_Task_. Only the lines below, from the one with "1日目の富士チサンは、カート" through the one with "These little pillows", are to be written out, exactly.

***** Exercise data

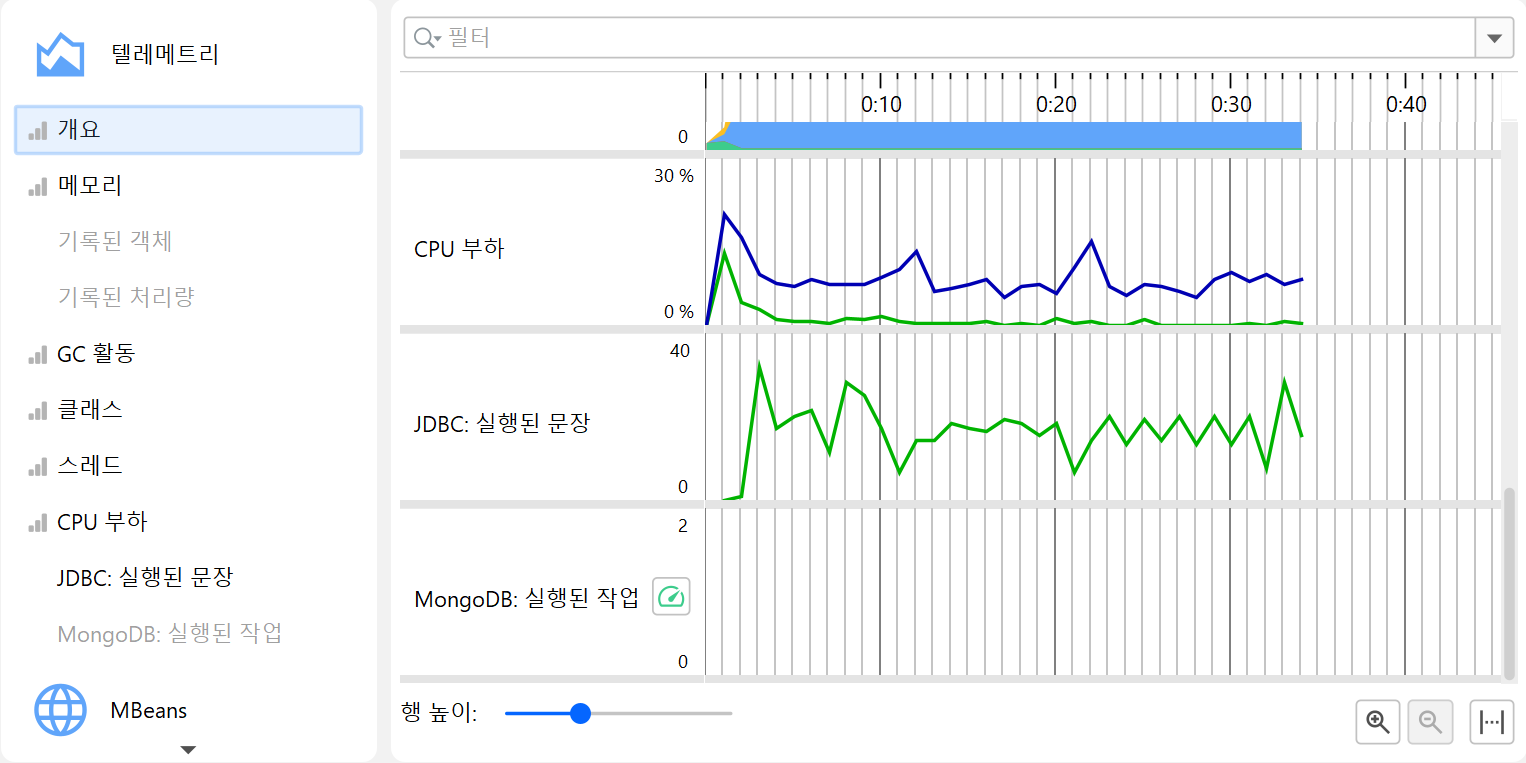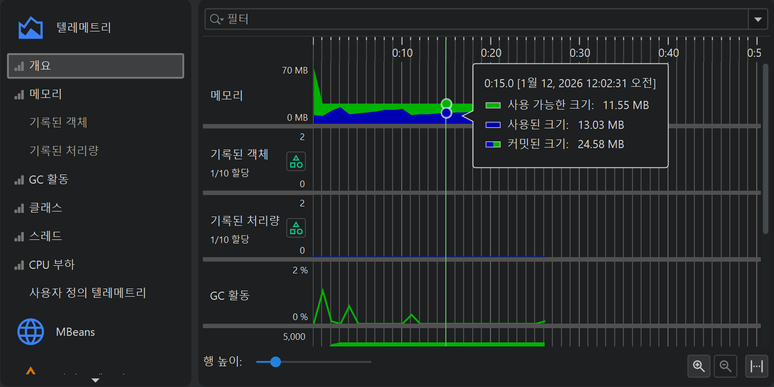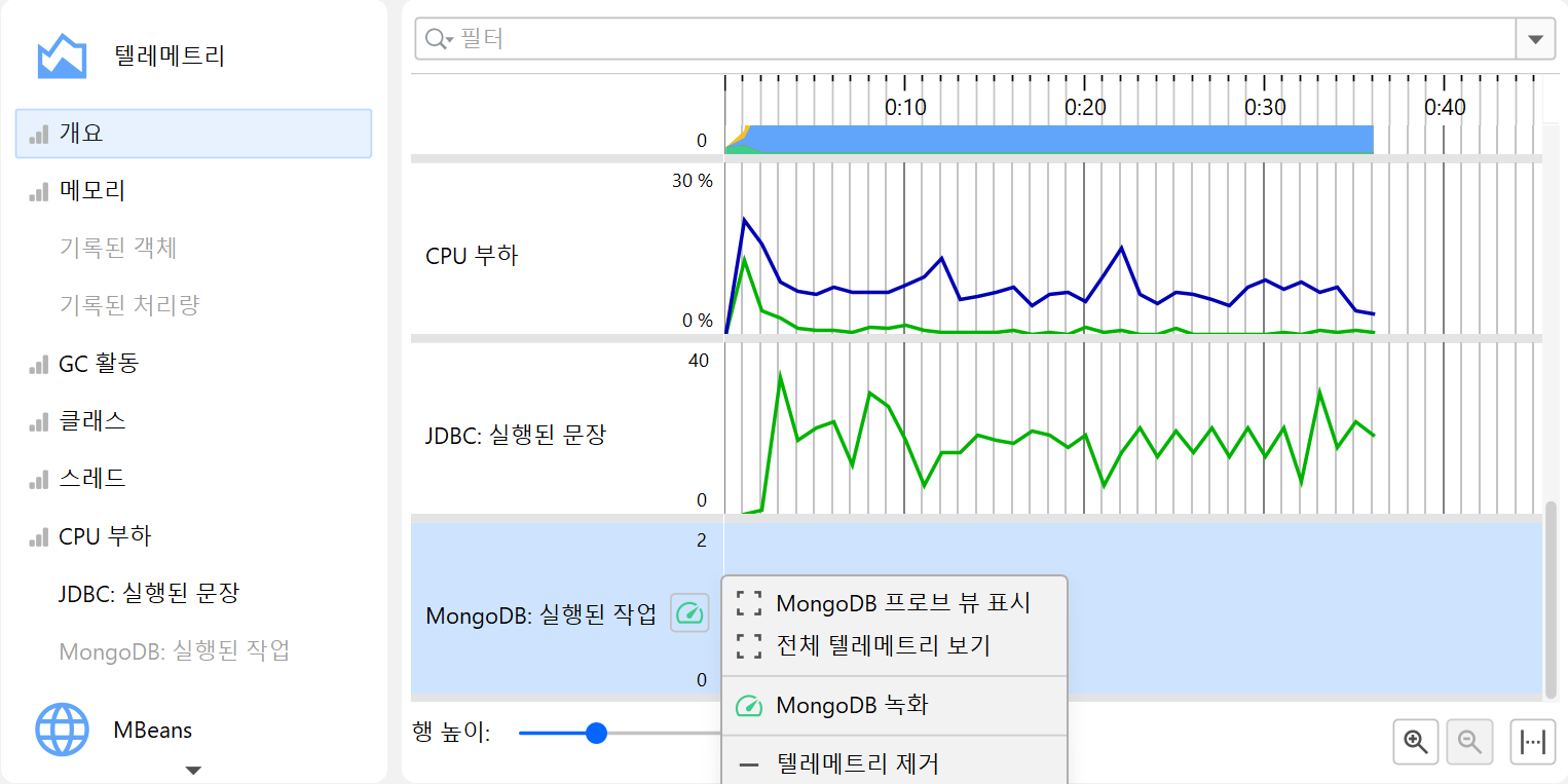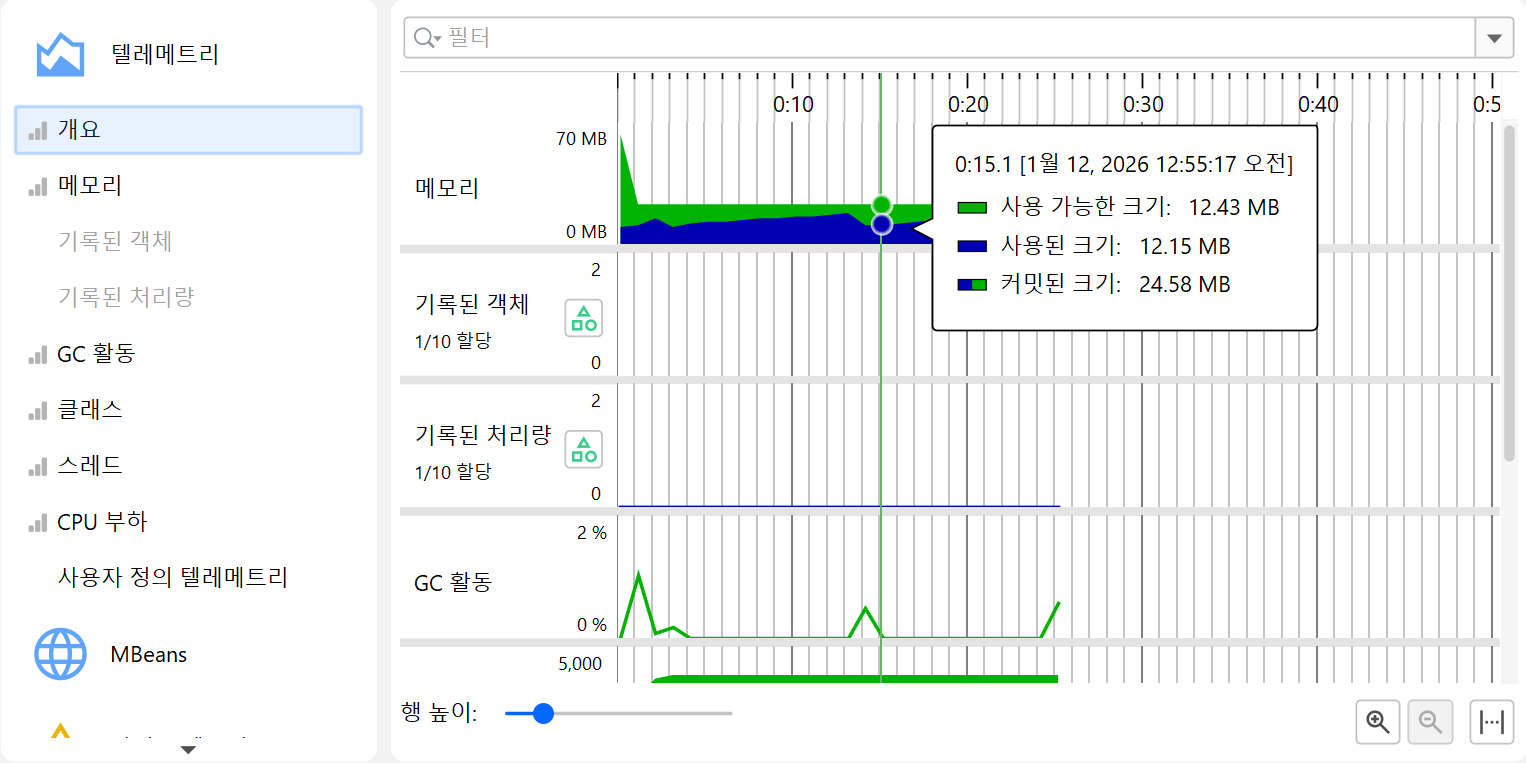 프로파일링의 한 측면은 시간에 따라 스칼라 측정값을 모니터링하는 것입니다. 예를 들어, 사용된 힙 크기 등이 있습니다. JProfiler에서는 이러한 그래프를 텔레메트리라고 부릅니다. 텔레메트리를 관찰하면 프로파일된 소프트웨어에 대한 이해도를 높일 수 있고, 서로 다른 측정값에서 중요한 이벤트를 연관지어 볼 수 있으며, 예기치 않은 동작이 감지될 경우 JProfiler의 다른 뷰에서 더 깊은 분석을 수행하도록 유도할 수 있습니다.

**********
***** Exercise data

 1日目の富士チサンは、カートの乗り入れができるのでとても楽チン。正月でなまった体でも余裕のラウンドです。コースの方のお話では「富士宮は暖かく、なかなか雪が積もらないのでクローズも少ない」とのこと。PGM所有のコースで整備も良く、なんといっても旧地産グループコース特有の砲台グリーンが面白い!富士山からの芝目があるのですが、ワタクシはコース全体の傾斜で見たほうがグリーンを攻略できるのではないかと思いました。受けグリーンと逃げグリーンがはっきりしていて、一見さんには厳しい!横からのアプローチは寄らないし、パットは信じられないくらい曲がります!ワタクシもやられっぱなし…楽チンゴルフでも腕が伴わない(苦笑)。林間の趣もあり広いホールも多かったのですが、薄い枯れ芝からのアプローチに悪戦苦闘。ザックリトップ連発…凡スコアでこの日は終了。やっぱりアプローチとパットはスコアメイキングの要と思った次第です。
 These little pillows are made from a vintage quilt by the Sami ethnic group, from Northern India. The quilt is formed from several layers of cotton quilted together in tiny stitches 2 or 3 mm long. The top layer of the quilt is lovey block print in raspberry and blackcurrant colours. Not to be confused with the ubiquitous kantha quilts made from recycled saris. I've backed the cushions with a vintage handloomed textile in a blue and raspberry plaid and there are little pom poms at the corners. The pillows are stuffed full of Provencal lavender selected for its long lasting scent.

**********

_Your solution_.
 1日目の富士チサンは、カートの乗り入れができるのでとても楽チン。正月でなまった体でも余裕のラウンドです。コースの方のお話では「富士宮は暖かく、なかなか雪が積もらないのでクローズも少ない」とのこと。PGM所有のコースで整備も良く、なんといっても旧地産グループコース特有の砲台グリーンが面白い!富士山からの芝目があるのですが、ワタクシはコース全体の傾斜で見たほうがグリーンを攻略できるのではないかと思いました。受けグリーンと逃げグリーンがはっきりしていて、一見さんには厳しい!横からのアプローチは寄らないし、パットは信じられないくらい曲がります!ワタクシもやられっぱなし…楽チンゴルフでも腕が伴わない(苦笑)。林間の趣もあり広いホールも多かったのですが、薄い枯れ芝からのアプローチに悪戦苦闘。ザックリトップ連発…凡スコアでこの日は終了。やっぱりアプローチとパットはスコアメイキングの要と思った次第です。
 These little pillows are made from a vintage quilt by the Sami ethnic group, from Northern India. The quilt is formed from several layers of cotton quilted together in tiny stitches 2 or 3 mm long. The top layer of the quilt is lovey block print in raspberry and blackcurrant colours. Not to be confused with the ubiquitous kantha quilts made from recycled saris. I've backed the cushions with a vintage handloomed textile in a blue and raspberry plaid and there are little pom poms at the corners. The pillows are stuffed full of Provencal lavender selected for its long lasting scent.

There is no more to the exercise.